The bill is expected to be released by the end of the month and will absolutely require companies such as Google, Facebook, and Twitter to swiftly remove any content considered terroristic from their platforms.

EU Commissioner in charge of Justice, Consumers and gender equality, Věra Jourová , speaks at a news conference on a second monitoring of the illegal online hate speech code of conduct in Brussels, Belgium, 1 June 2017. [Olivier Hoslet/EPA]

In March, the European Commission told such companies that they had three months to show they were removing “extremist” content more rapidly or face legislation forcing them to do so.

EU recommendations were sent out at the time regarding the speedy removal of all content including terrorist content, incitement to hatred and violence, child sexual abuse material, counterfeit products, and copyright infringement.

The threat eventually led to the creation of an online “code of conduct” aimed at fighting racism and xenophobia across Europe, an effort both the EU and big tech collaborated on.

According to European Justice Commissioner Vera Jourova, that an existing code of conduct to counter hate speech could remain voluntary.

“(But on) terrorist content, we came to the conclusion that it is too serious a threat and risk for European people that we should have absolute certainty that all the platforms and all the IT providers will delete the terrorist content and will cooperate with law enforcement bodies,” Jourova said on Wednesday.

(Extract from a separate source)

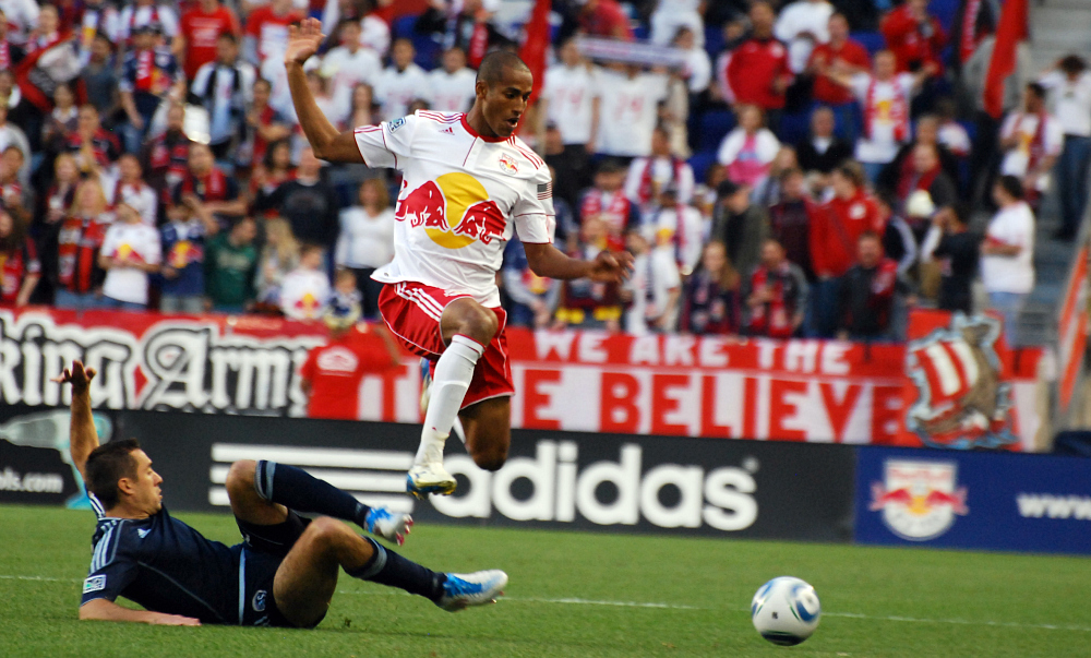 Costa Rican footballer Roy Miller. Photo: April 30, 2011.

“Yes, this is in the final stage,” she added, addressing the new bill.

While details of the new legislation remain hidden, the Financial Times in August learned that law enforcement will be in charge of flagging content for censorship.

EU security commissioner Julian King also had mentioned last month that the bill will “likely” turn the agreed upon “code of conduct” into mandatory law, placing the prediction by Jourova that it will remain voluntary on shakey grounds.

The big tech – EU code of conduct establishes “public commitments” for tech companies, including the requirement to review the “majority of valid notifications for removal of illegal hate speech” in less than 24 hours. It was also crafted to make it easier for law enforcement to notify firms directly of any unwanted content.

Within the code is a narrow explanation of “hate speech,” being defined as “all conduct publicly inciting to violence or hatred directed against a group of persons or a member of such a group defined by reference to race, colour, religion, descent or national or ethnic origin.”

The nature of enforcing censorship based on a narrow and subjective term such as “hate speech” is likely to keep suspicions high that these types of decision aren’t about creating a safer world, but rather a world in which superstates like the EU control the content people see online for political purposes.